The fos messaging system has several implementations. When you haven’t sent a message to a particular remote mailbox, you send it to the microkernel, which delivers it. If you keep on sending messages to the same place, then the system creates a shared page between the source and destination address spaces and messages can flow in user mode, which is faster. Messages that cross machine boundaries are handled by TCP/IP between proxy servers on each end.
I’ve been making the messaging system a bit more object oriented, so that in particular you can have multiple implementations of the user space shared message message transport, with different properties.After I got this to pass the regression tests, I checked it in and went on to other stuff.
Charles Gruenwald, one of the grad students, started using my code in the network stack, as part of a project to eliminate multiple copies of messages. (I added iovec support, which makes it easier to prepend headers to messages), and his tests were hanging.
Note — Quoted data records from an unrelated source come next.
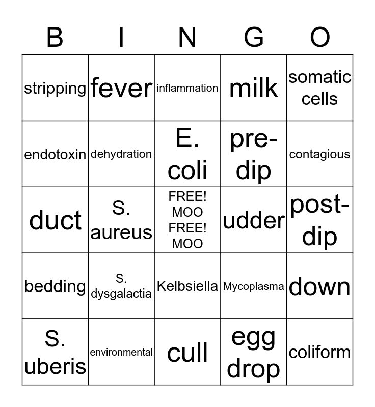 This bingo card has a free space and 24 words: S. dysgalactia, environmental, E. coli, S. uberis, somatic cells, stripping, endotoxin, fever, udder, Kelbsiella, pre-dip, duct, Mycoplasma, down, dehydration, egg drop, post-dip, inflammation, contagious, S. aureus, coliform, bedding, milk and cull.
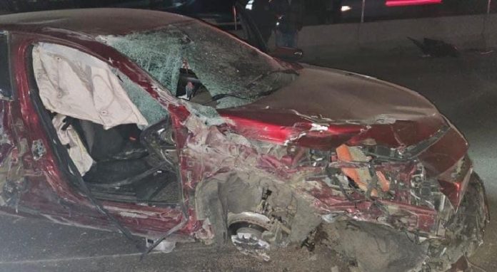 Chihuahua.- Un aparatoso choque se registró a la altura del kilómetro 28 del Corredor Comercial, en Cuauhtémoc, Chihuahua. Un automóvil Chevrolet de color guinda, quedó completamente destrozado.
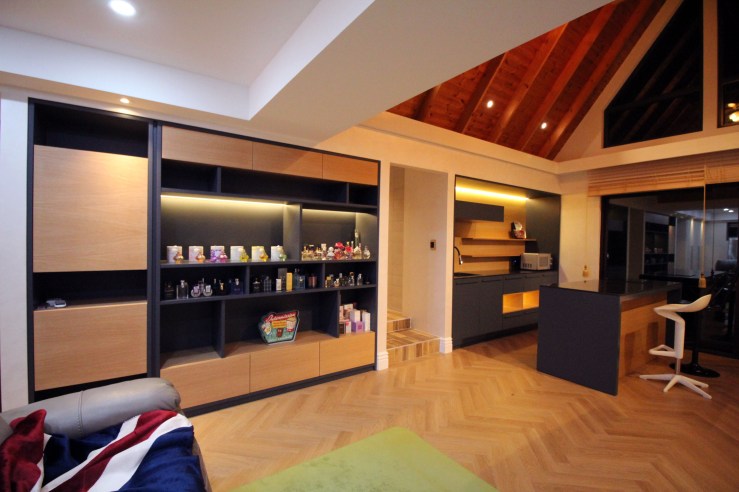 사교공간이다. 놀러온 친구들을 위한 보조바가 더 있다. 이곳에서 음악을 들으면 서로가 이야기를 나누었고 지루할 때 문을 열고 나가면 자연과 숨을 쉴 수가 있다. 이게 바로 전원생활이다.
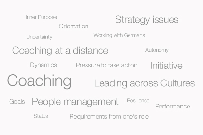 To put it another way, my key areas are strategy issues, goal identification and formulation, leadership, complexity reduction, leadership in new roles, personal leadership style, leadership in an international environment, “difficult cases” and mastery of leadership, pushing through decisions in difficult situations and mastering the demands of cross-cultural communication.
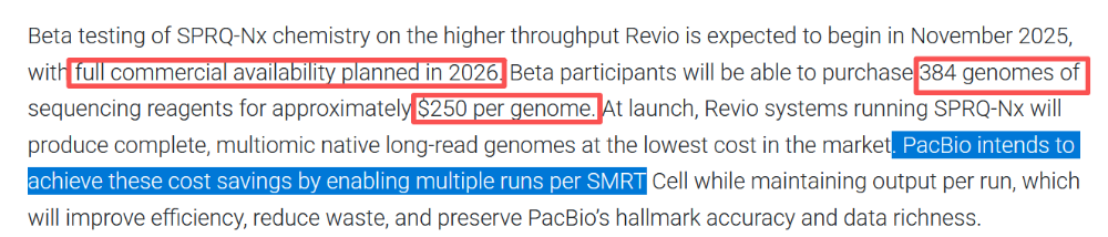 朋友们,真没收PacBio钱...这货最近太能整活了。1、Revio单基因组测序价格将降低到最低250美元,通过SMRT Cell复用技术达成;2、Vega增加 5hmC直测、21 CFR Part 11合规特性和2/4小时快速测序模式,卷临床和制药应用;3、新试剂2025年11月份开启Beta测试,2026年商业化推出。2025年10月14日,PacBio宣布自家的测序试剂又升级了。从原来的SPRQ化学,升级到了SPRQ-Nx ,按我浅薄的理解Nx=Next(这里存疑)。更为关键的是,PacBio把长读长基因组测序的价格打到了300美元以下。呃,甚至Beta测试阶段如果你买384个基因组测序的试剂就能把价格谈到250刀乐。预计2025年11月开启Beta测试,2026年完全商业化推出。正是我们此前多次提到的SMRT Cell reuse技术,这次公告也是确认了这一点。朋友们,你们还记得上次PacBio大幅度调整价格是什么时候么?2025年10月29日,我们跟进了PacBio的大幅度降价将Revio的价格降低到500美元/genome。好家伙,每年降低一半,这让NGS和纳米孔有点难办啊。第一,Vega 5hmC直测支持,也就是5-羟甲基胞嘧啶(5hmC)直测能力加入,增加了PacBio在表观遗传学上的应用优势;第二,Vega增加了 21 CFR Part 11合规特性,也就是说Vega很有可能被用于制药企业的GLP检测当中;第三,Vega增加了2小时和4小时快速测序模式,看来还是是想开临床应用。我们基本能够确定,Revio被安排去卷价格,Vega被安排去卷临床了。这事对华大智造、真迈、赛陆们来说根本就不是事,你们美利坚还在200美元晃荡的时候我们就100美元了。如果,我是说如果,明年PacBio再掀一次桌子,把价格再砍一半。呃,还有个事,这么个降价法,PacBio还有可能是想把Sequel II的客户再逼一逼,赶紧换机器。话说,贝瑞刚不久才给Sequel II上了Dx的户口啊。开盘之后,PacBio的投资人们似乎非常淡定,股价几乎没啥变化...
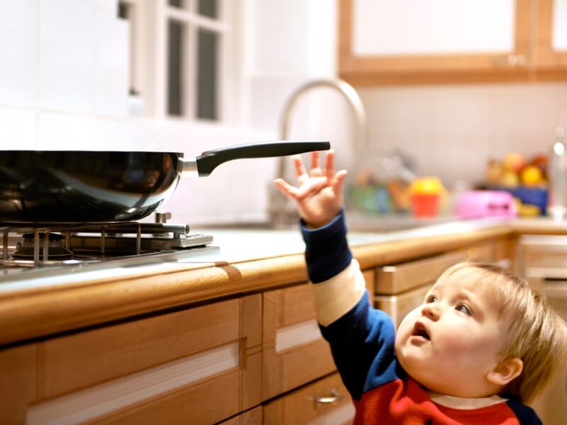 - Nu lăsa copilul să se joace în zona în care se află aragazul, cu atât mai mult dacă este aprins și se află și o oală cu conținut fierbinte;
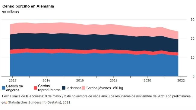 Según los resultados finales de la Oficina Federal de Estadística (Destatis), a 3 de noviembre de 2021, la cabaña porcina de Alemania fue de 23,8 millones de cerdos, un 8,9% o 2.307.600 animales menos en comparación con el 3 de noviembre de 2020. Aunque la caída es algo menor en comparación con los resultados preliminares informados en diciembre (-9,4%), la reducción del censo porcino en Alemania sigue siendo elevada respecto al año anterior.
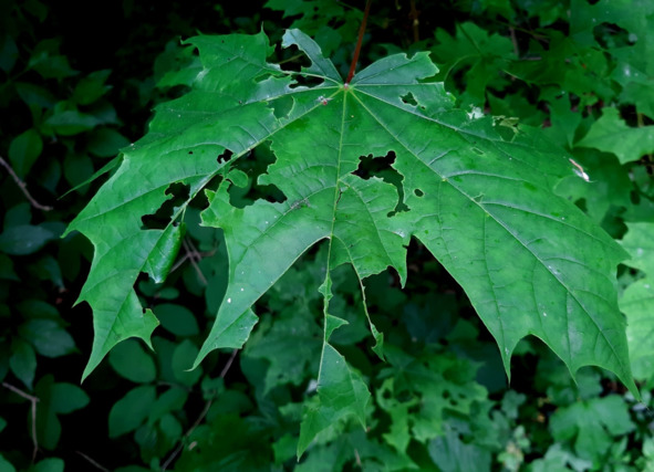 А вот зелень по её берегам уже очень интенсивно кто-то жуёт и проедает насквозь… Деревья и кусты стоят «кружевные»…
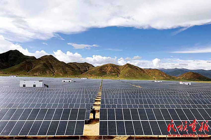 17个省市、60多个中央和国家机关、17家中央企业,先后选派8批近7500名援藏干部进藏工作,为西藏改革发展稳定作出了重要贡献。图为山东省援建的日喀则市光伏电站
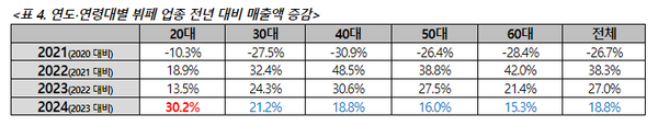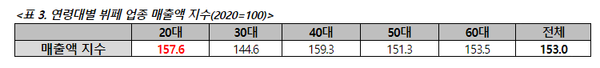 이 가운데 Z세대(1990년대 중후반~2010년대 초반 출생자)로 분류되는 20대 고객의 매출액 지수는 평균보다 높은 수치를 기록했다.(표 3. 참고)
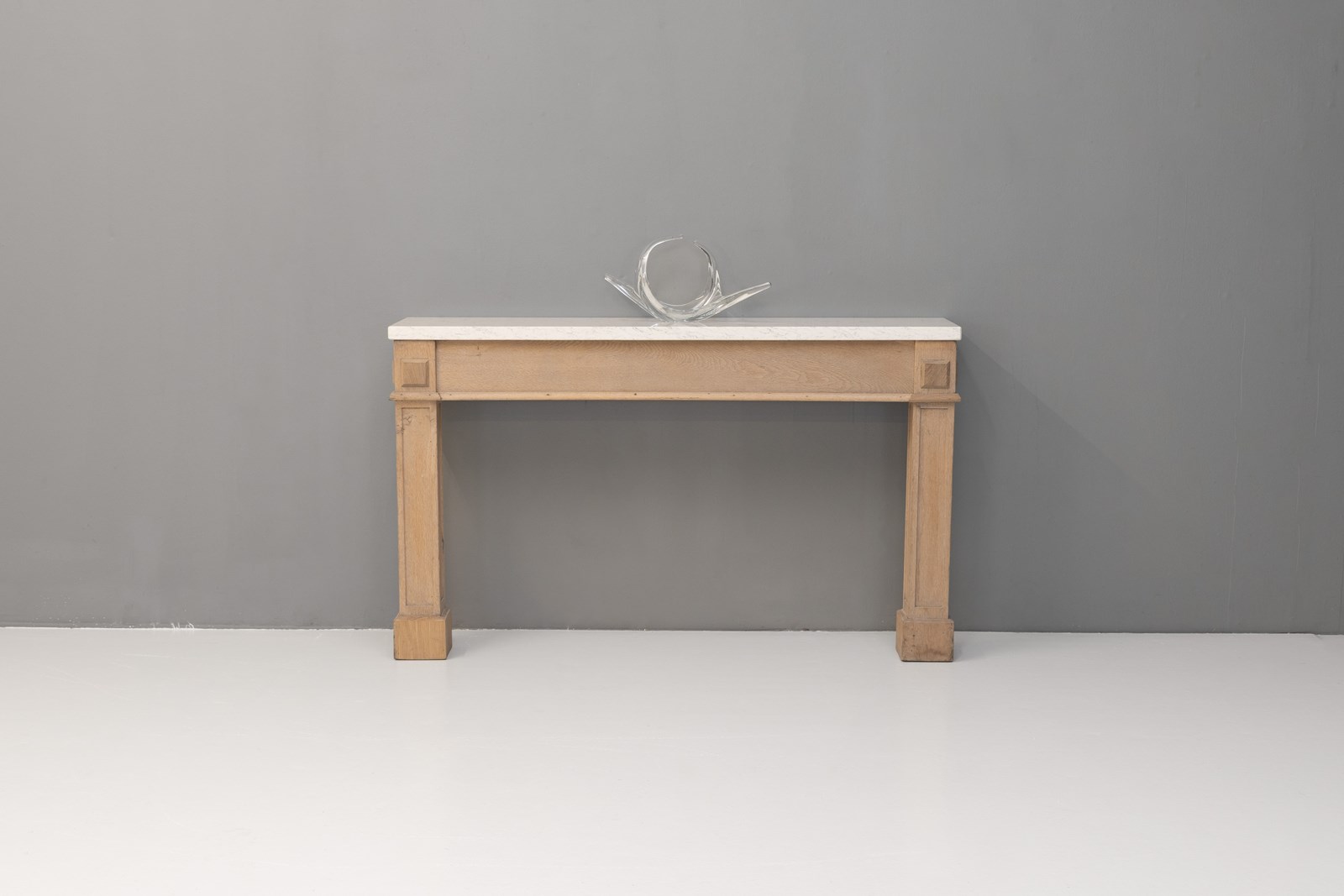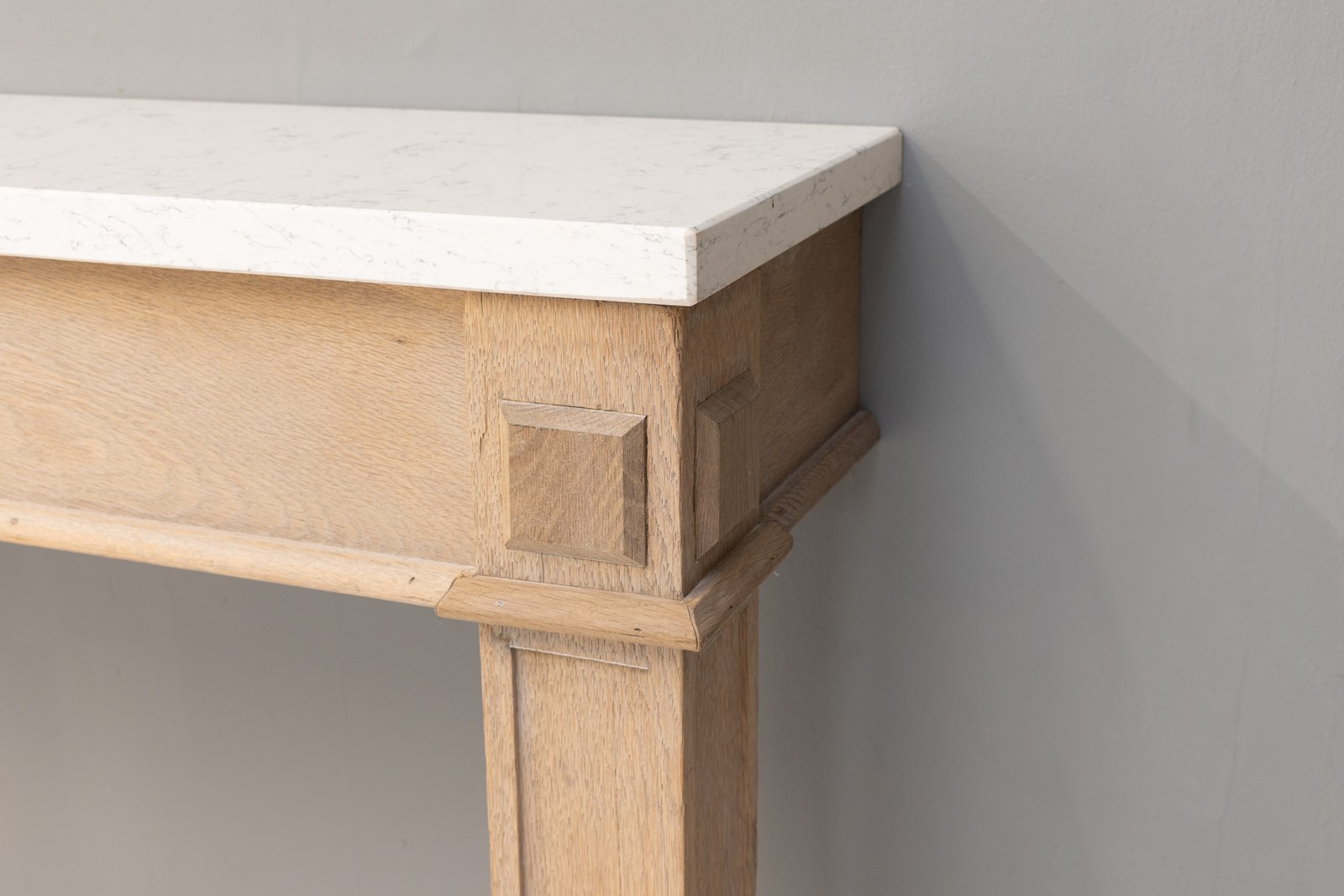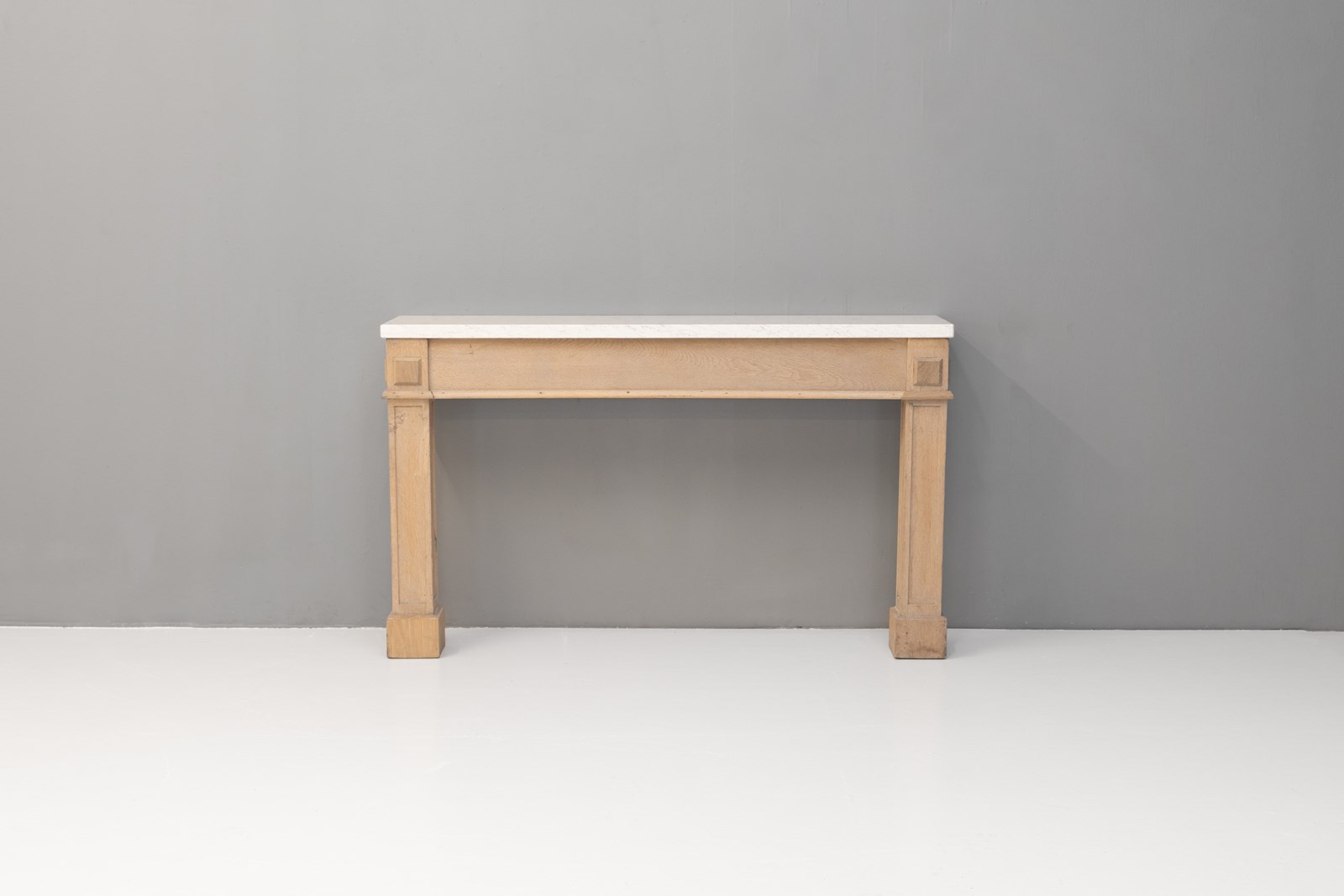 Oak frame side / console table with replaced modern quartz top. Circa 1900.
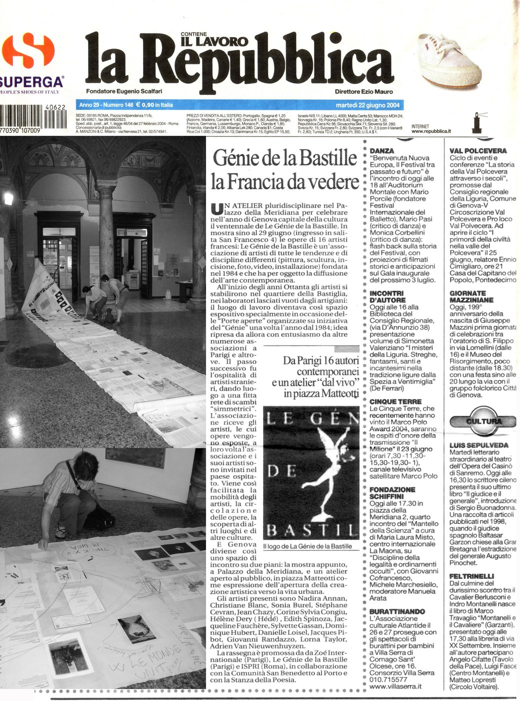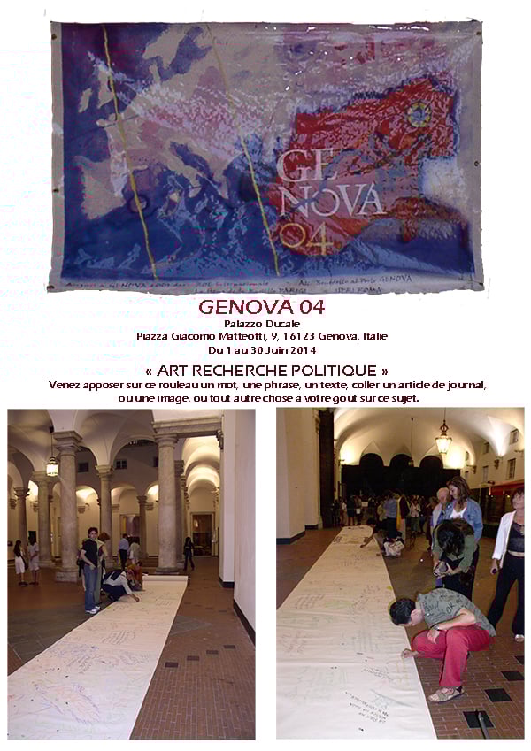 A gauche : Art Recherche Politique, rouleau participatif de Corine Sylvia Congiu au Palazzo Duccale, Manifestation internationale Genova 2004
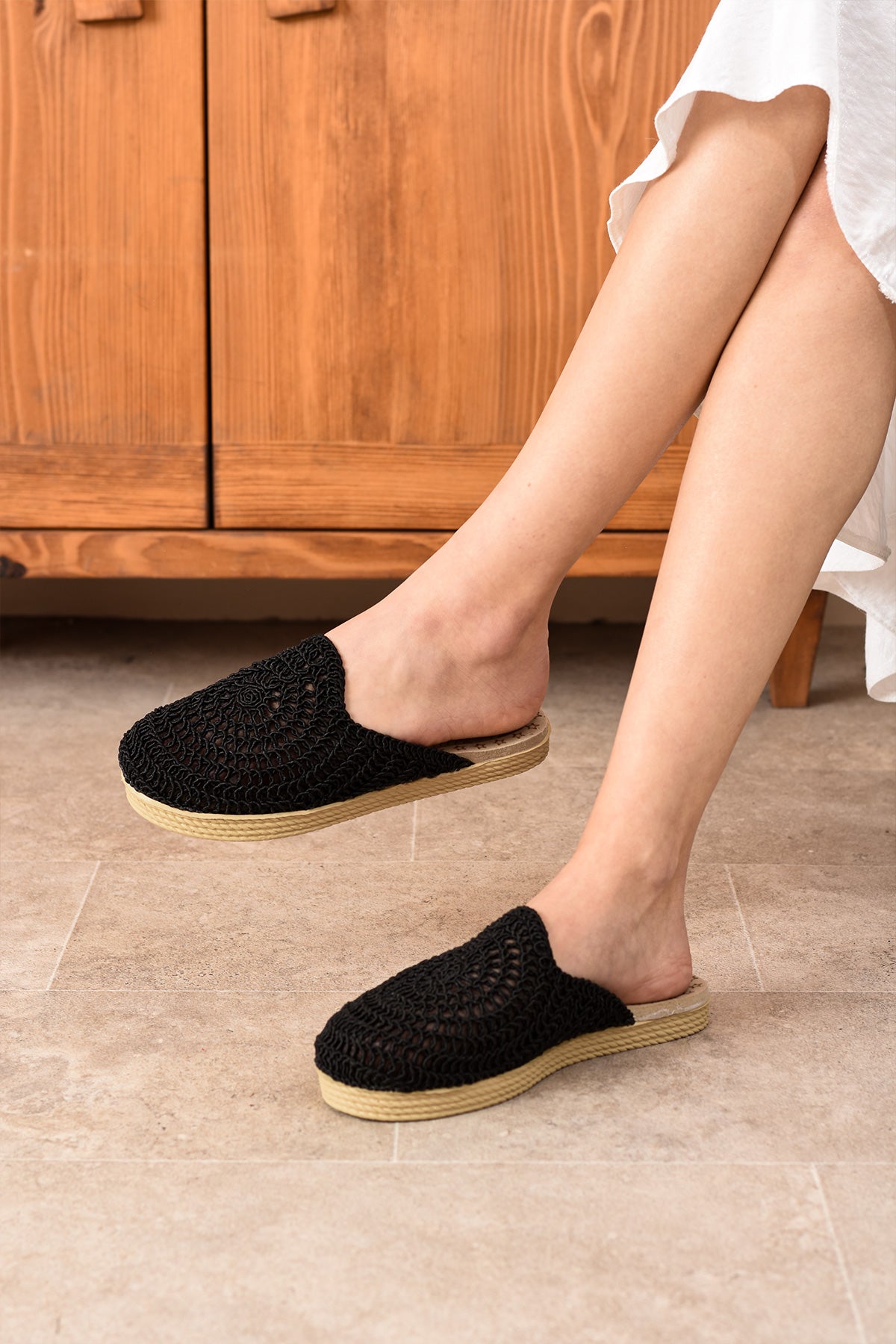Samira Kadın Günlük Konforlu Örme Işlemeli Terlik Hasır Tatil Çeyiz

Charles was kind enough to give me a repeatable test case, so I was able to find two bugs. (And yes, I need to fix the regression tests so that they would have found these!)
Fine.
Next, Chris Johnson, another one of the grad students, picked up changes from Charles (and me) and his test program for memcached started to break.
All the above is just the setup. Chris and I spent about two days tracking this down…
Memcached is a multithreaded application that listens for IP connections, stores data, and gives it back later. It is used by some large scale websites like facebook.com to cache results that would be expensive to recompute.
When a client sends a data object to memcached for storage, memcached replies on the TCP connection with “STOREDrn”. On occasion, this 8 character message would get back to Chris’s client as “